Vu les articles 835 alinéa 1er du code de procédure civile, 544 du code civil et 8 de la convention européenne de sauvegarde des droits de l’homme et des libertés fondamentales ;
L’enregistrement, sans son autorisation, des faits et gestes d’un individu dans un espace privé ou public, si elle ne poursuit pas un but légitime, constitue une atteinte à la vie privée et donc un trouble manifestement illicite qu’il appartient au juge des référés de faire cesser.

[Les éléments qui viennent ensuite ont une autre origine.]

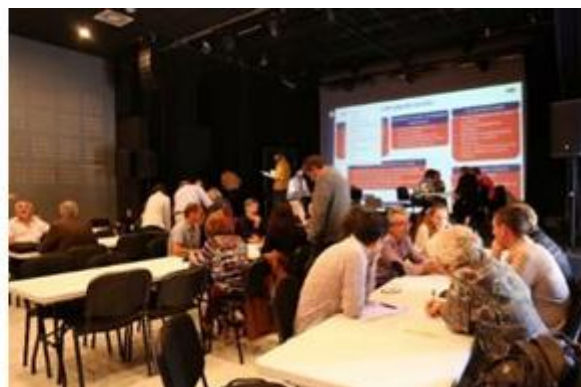
(Atelier PAT-photos site CASA)
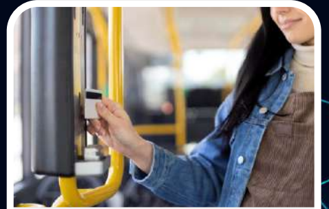
Ulaşım / Public Transport
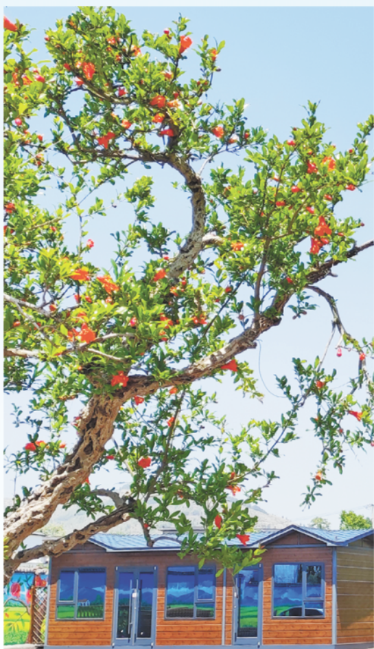
枣庄冠世园·榴光溢彩乡村振兴示范片区
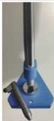
تست ضربه (ایمپکت)
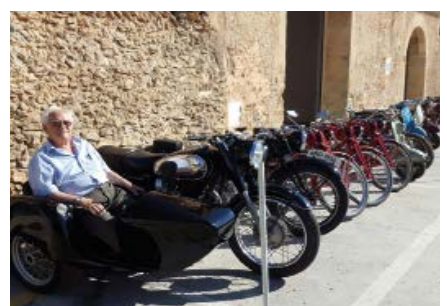
Exposició de motos antigues
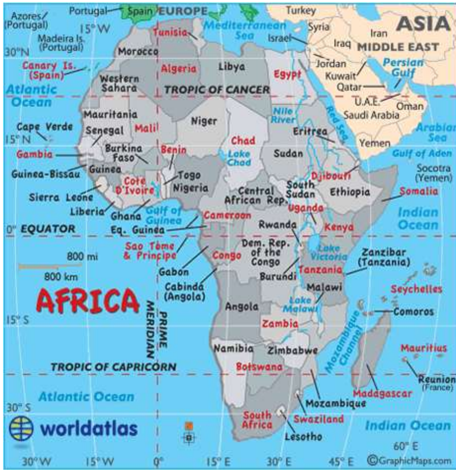
Şekil 1: Afrika Kıtasındaki Ülkeler

Para insanoğlunun yaşamının vazgeçilmez unsurlarından biridir. Her ülke sınırları dâhilinde halkının kullanması maksadıyla para basarak, piyasaya sürer. Paraların üzerinde değerini ifade eden rakamlar ile bazı resim ve görüntüler yer alır.
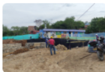
Barrio Las Delicias espera celeridad en las obras y mayor seguridad
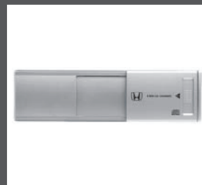
20 > 8-CD-Wechsler
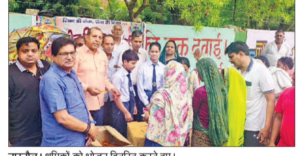
नारनौल। श्रमिकों को भोजन वितरित करते हुए।
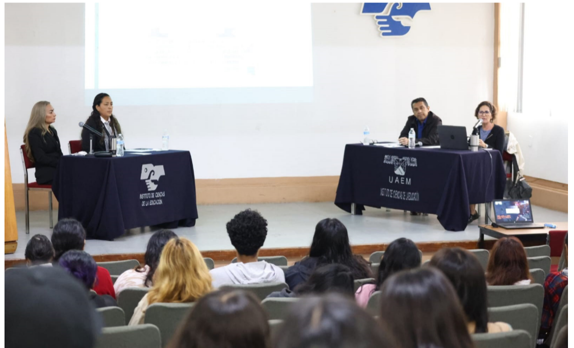
CON UNA SERIE de actividades académicas, culturales y recreativas, este 13 de septiembre se llevó a cabo la celebración de los 39 años de creación del Instituto de Ciencias de la Educación de la UAEM.
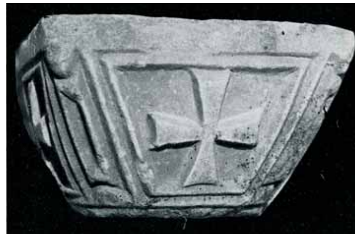
Плита с изображением креста в анхе. III–IV вв. Египет. Известняк, резьба. Музей коптского искусства в Каире.

Крест как знак победы стал необходимым атрибутом императора в Византии. Особая реликвия, так называемый Крест Константина, хранившийся в часовне св. Стефана в Большом императорском дворце в Константинополе был, по замечанию А.Н. Грабара, «неотделим от императора, как в дни мира, так и во время войны. Крест предшествовал ему в торжественных процессиях и сопровождал в битвах» 29 . Особое значение Победоносного Креста было связано не только с той ролью, какую он играл в битвах равноапостольного Константина как «предводитель» войска. Крест становится символом триумфа василевса, когда, приняв оружие победы Спасителя, император уподоблялся Христу. 30
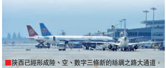
■ 陝西已經形成陸、空、數字三條新的絲綢之路大通道。

作為絲綢起點的陝西，三年來，「一帶一路」戰略已經深入陝西建設發展的各個領域，成為陝西發展的重要動力引擎。陝西通過建設綜合交通樞紐中心、國際商貿物流中心、科教文化旅遊中心、能源金融中心、經貿合作中心，有力推動了「一帶一路」的建設。

Les seules photographies versées aux débats par la société par actions simplifiée OSKAR HOTEL ne permettent pas cependant de démontrer avec toute l’évidence requise en référé que la caméra présente sur ces photographies serait susceptible de filmer en direction du fonds exploité par la société défenderesse.
Il conviendra donc de débouter la société par actions simplifiée OSKAR HOTEL de sa demande de retrait de cette caméra.

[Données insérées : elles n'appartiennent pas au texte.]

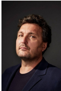
Don Carlo di Vargas, il fratello (baritono) Ludovic Tézier (1)
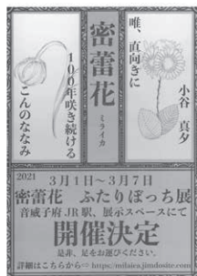
↑ふたりぼっち展ポスター

今回の作品展は、「未だ蕾（つぼみ）である自分たちが開花に向かうため、自分たちがどこまでできるのかを今一度確かめる気持ちで挑んだもの」なのだそうです。展示作品の制作にあたって、「直感的に感じたものだけでなく、作品を見た刺激を通して考察してみたり、またそうした方々と心を共有したい」と考え、作品制作に励んでいたとのこと。将来については、「作家として成長したら、また村で展示を行いたい」と話されました。
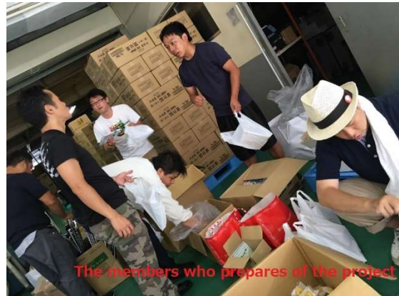
The members who prepares of the project
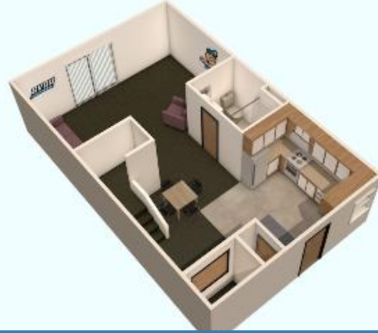
TOWNHOUSE – LA PLANTA BAJA
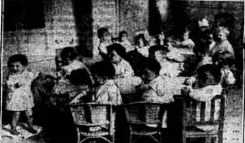
Demonstración de cómo son atendidos los hijos de los combatientes y refugiados.
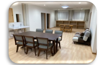
短期入所ここあ（8名）談話室
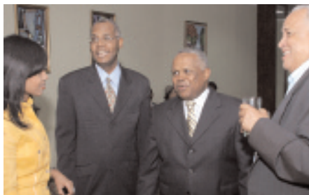
El director conversa con periodistas.

Al poner en circulación la nueva edición del
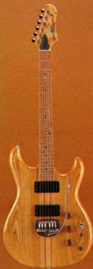
GO II 700NT/M

GO II 700仕様：ボディ/セミアカセ、ネック/メイプル+マホガニー・スピードウェイ 指板/メイプルまたはローズ 糸巻/SD81-66M ピックアップ/ハムバッキングx2 トレモロユニット付またはテンションアジャスター付カラー：GO II 700NT、GO II 700DST、GO II 700RT、GO II 700N、GO II 700DS、GO II 700R。 注：NT=ナチュラル・トレモロ付 DST=ダークステイン・トレモロ付 RT=レッドサン/ースト・トレモロ付のことです。
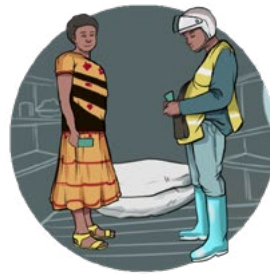
Transaction dans la boutique du SPG ETSO MBONG

Vu les articles 835 alinéa 2 et 1240 du code civil ;
Le juge ayant au moins en partie fait droit aux prétentions de monsieur [F] [M], il ne peut être considéré que celui-ci aurait commis une faute en introduisant la présente instance.

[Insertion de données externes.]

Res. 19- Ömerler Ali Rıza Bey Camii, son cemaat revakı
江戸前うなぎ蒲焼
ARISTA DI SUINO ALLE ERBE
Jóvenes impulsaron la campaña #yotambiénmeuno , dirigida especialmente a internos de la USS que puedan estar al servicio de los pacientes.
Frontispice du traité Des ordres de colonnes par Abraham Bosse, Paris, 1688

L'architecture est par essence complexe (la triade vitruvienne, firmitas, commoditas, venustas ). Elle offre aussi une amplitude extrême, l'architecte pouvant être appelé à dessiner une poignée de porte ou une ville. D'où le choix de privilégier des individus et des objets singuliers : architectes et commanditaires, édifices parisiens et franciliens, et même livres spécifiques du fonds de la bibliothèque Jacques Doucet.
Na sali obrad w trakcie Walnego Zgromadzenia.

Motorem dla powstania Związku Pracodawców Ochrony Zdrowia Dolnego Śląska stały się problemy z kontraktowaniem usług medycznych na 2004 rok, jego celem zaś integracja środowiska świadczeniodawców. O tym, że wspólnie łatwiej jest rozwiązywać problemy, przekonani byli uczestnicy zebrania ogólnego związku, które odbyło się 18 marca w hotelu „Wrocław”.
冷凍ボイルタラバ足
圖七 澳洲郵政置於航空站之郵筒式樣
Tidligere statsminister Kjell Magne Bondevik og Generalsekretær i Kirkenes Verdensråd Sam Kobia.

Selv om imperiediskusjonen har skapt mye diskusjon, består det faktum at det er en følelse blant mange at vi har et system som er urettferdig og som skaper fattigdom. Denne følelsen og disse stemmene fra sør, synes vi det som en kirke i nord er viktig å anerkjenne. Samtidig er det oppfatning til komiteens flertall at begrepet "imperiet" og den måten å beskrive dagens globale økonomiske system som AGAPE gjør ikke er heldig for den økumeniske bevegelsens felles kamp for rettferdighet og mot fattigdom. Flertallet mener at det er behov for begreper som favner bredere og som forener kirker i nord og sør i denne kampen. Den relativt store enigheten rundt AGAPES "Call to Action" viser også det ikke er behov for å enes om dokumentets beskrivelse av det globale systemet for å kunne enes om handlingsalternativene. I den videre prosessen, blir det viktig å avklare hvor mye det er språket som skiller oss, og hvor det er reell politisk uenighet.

La société par actions simplifiée OSKAR HOTEL sera donc déboutée de sa demande de dommages et intérêts pour procédure abusive.
Sur les demandes accessoires :
Vu les articles 696 et 700 du code de procédure civile ;
La société par actions simplifiée OSKAR HOTEL succombant, elle sera condamnée aux dépens de l’instance et déboutée de sa demande au titre des frais irrépétibles. L’équité commande de rejeter également la demande formée à ce titre par monsieur [F] [M].
PAR CES MOTIFS :
Nous, François BOURIAUD, président du tribunal judiciaire de Thonon-les-Bains, statuant en matière de référé, publiquement, par ordonnance contradictoire et en premier ressort,
Rejetons les fins de non-recevoir soulevées par la société à responsabilité limitée OSKAR HOTEL ;
Faisons interdiction à la société par actions simplifiée OSKAR HOTEL, une fois les travaux de construction d’extension de l’hôtel terminés, de stationner des véhicules ou d’autoriser le stationnement de véhicules dans le passage situé sur la parcelle n°[Cadastre 6] reliant l'[Adresse 15] à la [Adresse 19], entre le bâtiment abritant l’hôtel édifié sur la parcelle n°[Cadastre 6] et la limite nord des parcelles n°[Cadastre 12] et [Cadastre 11], sous astreinte provisoire de 1 000 euros par infraction constatée ;
Nous réservons le cas échéant la liquidation de l’astreinte ;
Déboutons monsieur [F] [M] du surplus de ses prétentions ;
Déboutons la société à responsabilité limitée OSKAR HOTEL de l’ensemble de ses prétentions ;
Condamnons la société à responsabilité limitée OSKAR HOTEL aux dépens de l’instance ;
Ainsi jugé et prononcé à [Localité 21] par mise à disposition au greffe le 20 janvier 2026 ;
En foi de quoi la présente ordonnance a été signée par le président et par la greffière.